Directions for this task:
Copy out exactly, from the entries that follow, the line holding "This girls' gown", the line holding "3C认证、15W磁吸无线充、22.5W快充、自带四线、数显电量、手机支架", and all lines between them, but no pictures.

Data to examine:
══════════════════════════════

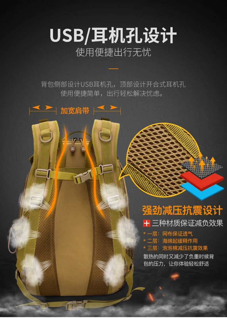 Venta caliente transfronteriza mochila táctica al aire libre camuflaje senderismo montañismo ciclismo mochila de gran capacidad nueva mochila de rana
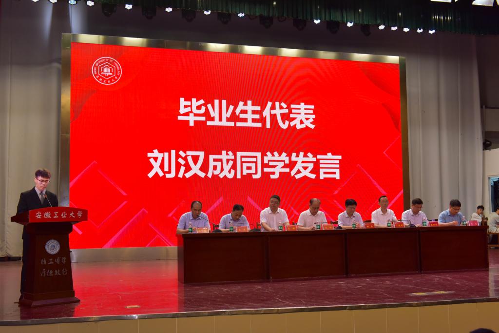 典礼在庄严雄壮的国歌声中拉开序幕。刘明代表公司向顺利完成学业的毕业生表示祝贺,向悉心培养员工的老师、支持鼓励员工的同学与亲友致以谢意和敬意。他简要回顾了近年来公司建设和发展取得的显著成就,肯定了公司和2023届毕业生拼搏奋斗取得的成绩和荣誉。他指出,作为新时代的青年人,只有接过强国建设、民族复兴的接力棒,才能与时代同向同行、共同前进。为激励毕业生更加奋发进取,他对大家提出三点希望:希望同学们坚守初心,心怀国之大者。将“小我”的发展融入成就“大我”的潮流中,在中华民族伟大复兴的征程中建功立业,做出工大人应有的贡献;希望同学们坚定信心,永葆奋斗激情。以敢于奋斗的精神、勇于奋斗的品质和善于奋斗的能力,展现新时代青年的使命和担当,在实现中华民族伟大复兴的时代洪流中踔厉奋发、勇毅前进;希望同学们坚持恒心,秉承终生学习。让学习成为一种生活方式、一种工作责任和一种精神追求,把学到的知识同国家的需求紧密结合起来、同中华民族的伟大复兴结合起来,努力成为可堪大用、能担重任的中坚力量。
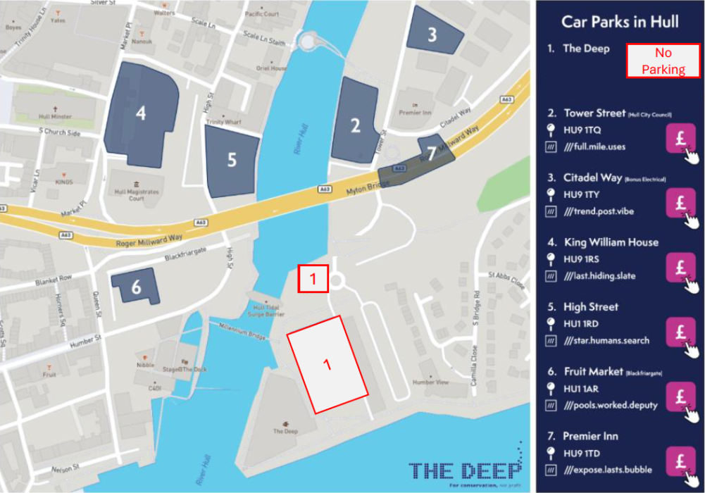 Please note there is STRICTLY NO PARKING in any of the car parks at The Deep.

══════════════════════════════

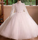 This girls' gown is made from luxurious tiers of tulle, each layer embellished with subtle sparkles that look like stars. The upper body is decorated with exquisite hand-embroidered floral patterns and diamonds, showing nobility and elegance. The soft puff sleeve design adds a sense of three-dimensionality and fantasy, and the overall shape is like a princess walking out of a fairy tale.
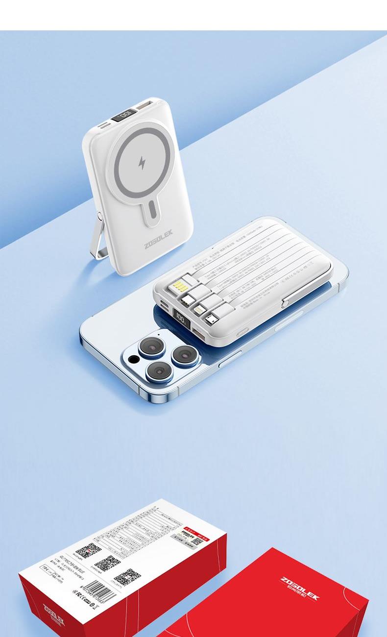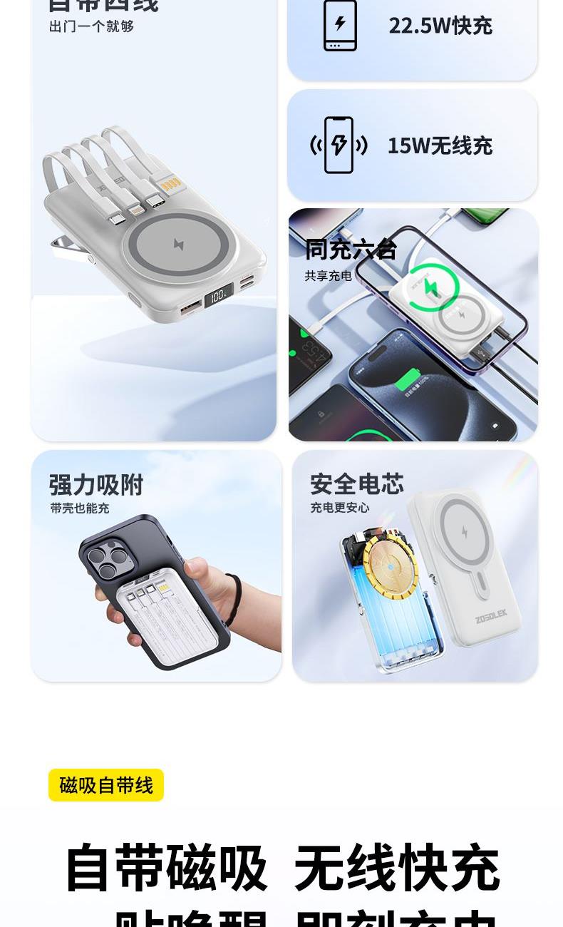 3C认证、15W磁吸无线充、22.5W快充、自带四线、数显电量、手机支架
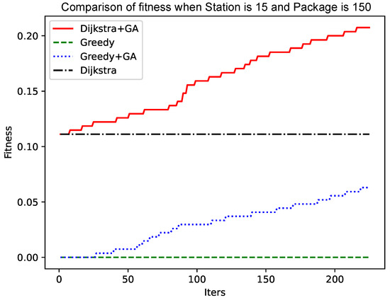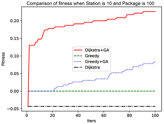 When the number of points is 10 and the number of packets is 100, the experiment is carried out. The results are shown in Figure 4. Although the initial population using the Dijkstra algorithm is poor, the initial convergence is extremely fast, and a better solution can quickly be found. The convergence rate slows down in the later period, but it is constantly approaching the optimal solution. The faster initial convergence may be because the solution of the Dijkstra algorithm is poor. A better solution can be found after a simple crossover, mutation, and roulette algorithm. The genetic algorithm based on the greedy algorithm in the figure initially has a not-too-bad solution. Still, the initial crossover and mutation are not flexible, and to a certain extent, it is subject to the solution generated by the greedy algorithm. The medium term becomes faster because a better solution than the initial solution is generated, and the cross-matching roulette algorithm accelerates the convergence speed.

══════════════════════════════

Output below:
 This girls' gown is made from luxurious tiers of tulle, each layer embellished with subtle sparkles that look like stars. The upper body is decorated with exquisite hand-embroidered floral patterns and diamonds, showing nobility and elegance. The soft puff sleeve design adds a sense of three-dimensionality and fantasy, and the overall shape is like a princess walking out of a fairy tale.
 3C认证、15W磁吸无线充、22.5W快充、自带四线、数显电量、手机支架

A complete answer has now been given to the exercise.